A narrativa começa com Margaret a receber uma carta de Vida Winter, convidando-a para escrever a sua biografia. A famosa escritora encontra-se na fase final da sua vida e não quer partir sem contar a verdade sobre a sua história, que sempre fez questão de esconder. Apesar de reticente, Margaret acaba por viajar até ao condado de Yorkshire para se encontrar com Vida. Já instalada na casa de campo da escritora, Margaret decide aceitar a proposta. E para que a história faça sentido, há que ter um princípio, meio e fim. Assim, começamos a desvendar os mistérios que envolvem a família Angelfield pelo princípio e sem hipótese de fazermos batota. A cada página que esfolhamos, é-nos dado a conhecer outros personagens, como o George e a Mathilde, a Isabelle e o Charlie, as gémeas Adeline e Emmeline, a Missus, o John-da-enxada, a Hester e o Ambrose, o Aurelius e a Mrs. Love, a Karen, o Tom e a Emma. E quanto mais sabemos, mais intrigados ficamos e mais queremos saber e, menos queremos deixar para descobrir no dia seguinte. 

Para além do mistério sobre o passado de Vida Winter, existe também uma outra curiosidade que todos os fãs dos seus livros querem descobrir. Treze Contos é a primeira obra da escritora, mas na realidade o livro só tem doze contos. Por isso, nas edições seguintes a obra é editada com o título Contos de Mudança e Desespero. O que aconteceu ao décimo terceiro conto?  

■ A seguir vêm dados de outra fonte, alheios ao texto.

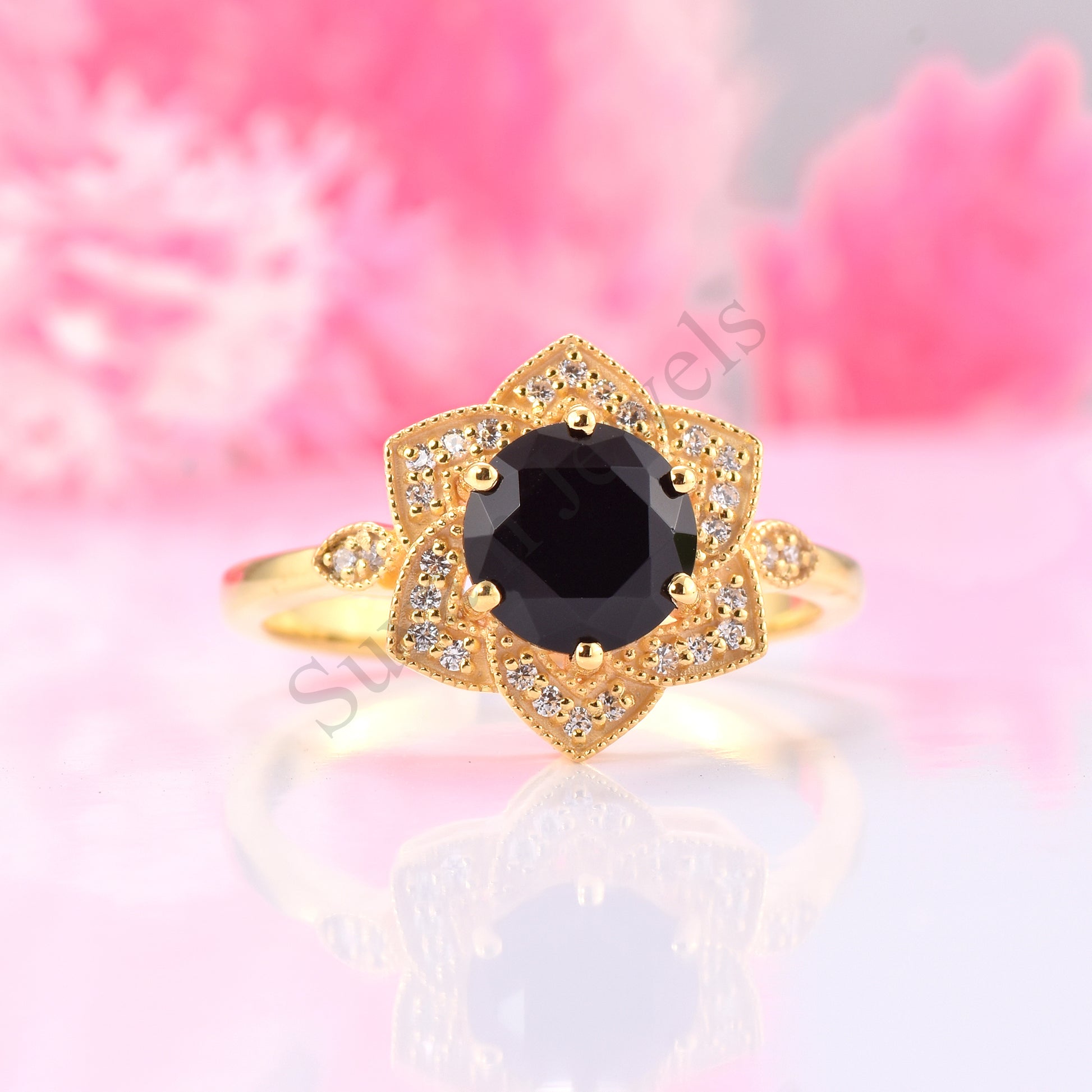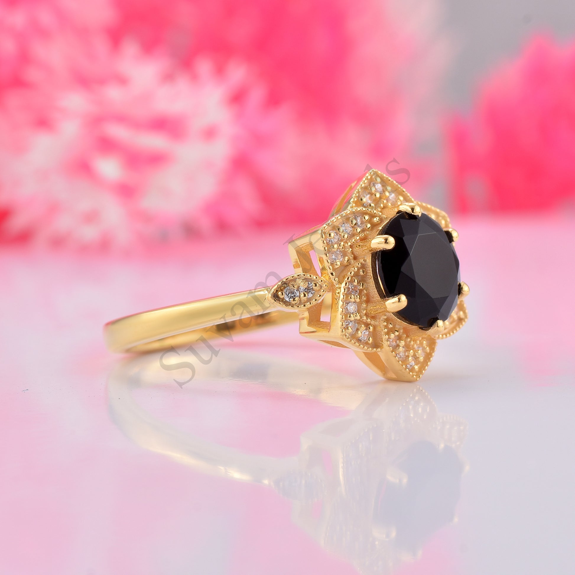 Vintage Black onyx Engagenent Ring Sterling Silver Round Cut Art Deco Promise Ring Round Gems Statement Ring Anniversary Ring Gift For Her

Quando disse que não sabia o que poderia escrever sobre O Décimo Terceiro Conto, queria simplesmente dizer que não queria revelar-vos demasiado desta história cheia de histórias, porque este é um livro que merece ser despido, página a página, pelo leitor.

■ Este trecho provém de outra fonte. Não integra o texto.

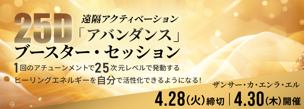 ◆【4/28(火)締切】遠隔アクティベーション「25Dアバンダンス・ブースター・セッション」4/30(木)開催 ◆【5/27(水)締切】遠隔アクティベーション「25Dラブ・ブースター・セッション」5/28(木)開催 ◆【開催中】 ...

Quinta-feira, 17 de Maio de 2012

Lenda de Almorolon

Castelo de Almourol, Vila Nova da Barquinha

Ao que parece o castelo de Almourol tinha como senhor, no século XII, um emir árabe que se chamava Almorolon e dizem que foi assim que o castelo ficou-lhe com o nome. 

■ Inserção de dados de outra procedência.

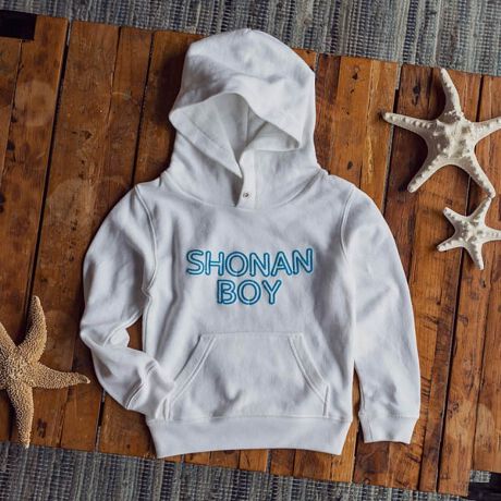 フロントに施した"SHONAN BOY/GIRL"のプリントが目を惹き、ローカル感溢れる一着。

Ora o mouro Almorolon tinha uma filha formosa, que um dia ao passear pelas redondezas se apaixonou por um galante cavaleiro cristão. A partir desse dia, o coração da bela donzela ficou fechado para tudo, pois já só tinha lugar para o seu amor. Como a vontade de estar perto do seu amado era maior, do que o medo de ser descoberta, a jovem formosa não achou mal revelar-lhe como poderia entrar no castelo durante a noite. 

Só que o jovem cavaleiro não sofria do mesmo mal de amor e por isso aproveitou a confidência da jovem para engendrar uma emboscada. Assim, numa noite introduziu-se no castelo e abriu as portas aos seus companheiros, que já estavam prontos para a guerra. Claro que apanhado de surpresa, o inimigo não teve salvação e o castelo foi conquistado. 

A jovem ao aperceber-se da sua ingenuidade acorreu para o pai e contou-lhe toda a sua culpa. Como Almorolon tinha um amor enorme pela filha, acabou por perdoar-lhe. E sabendo que não poderia escapar, o árabe abraçou a sua filha adorada e juntos lançaram-se das altas muralhas. Ele porque preferia a morte ao cativeiro. Ela porque tinha sido cruelmente atraiçoada pelo seu amado.

Sábado, 12 de Maio de 2012

"a luz de presença"

Starfisher, Pete Revonkorpi, Finlândia

«quem dera o trampolim dos teus braços para com céu tocar o tecto


vesti esta manhã a lona que levávamos para o campismo


quando ainda fazíamos furos na terra para montar a tenda


quem dera o sulco das rugas e os feriados apertados entre os fins e a semana


dá-me as certezas

não durmo sem as certezas
sabe-me o nome para sempre      está bem?

o meu nome para sempre que eu prometo que não mudo para te dar razão


[...]


às vezes


de cabeça amortecida no teu umbigo


ponho-me a imaginar


de olhos fechados na tua roupa


o escuro que vai ficar


e durmo com a luz acesa para compensar o que por aí vem»


[...]

O Amor és tu, João Negreiros

Quarta-feira, 9 de Maio de 2012

"Os animais são todos iguais"

Brave, Robert Dunn, Reino Unido

«As suas vidas eram duras, é certo, e nem todos os seus sonhos se haviam realizado, mas tinham consciência de que eram diferentes dos outros animais. Se passavam fome, não era por alimentarem seres humanos tirânicos; se trabalhavam arduamente, ao menos trabalhavam para seu próprio benefício. Não havia entre eles nenhuma criatura que caminhasse sobre duas pernas. Nenhum deles tratava outro por «Meu amo». Todos os animais eram iguais.»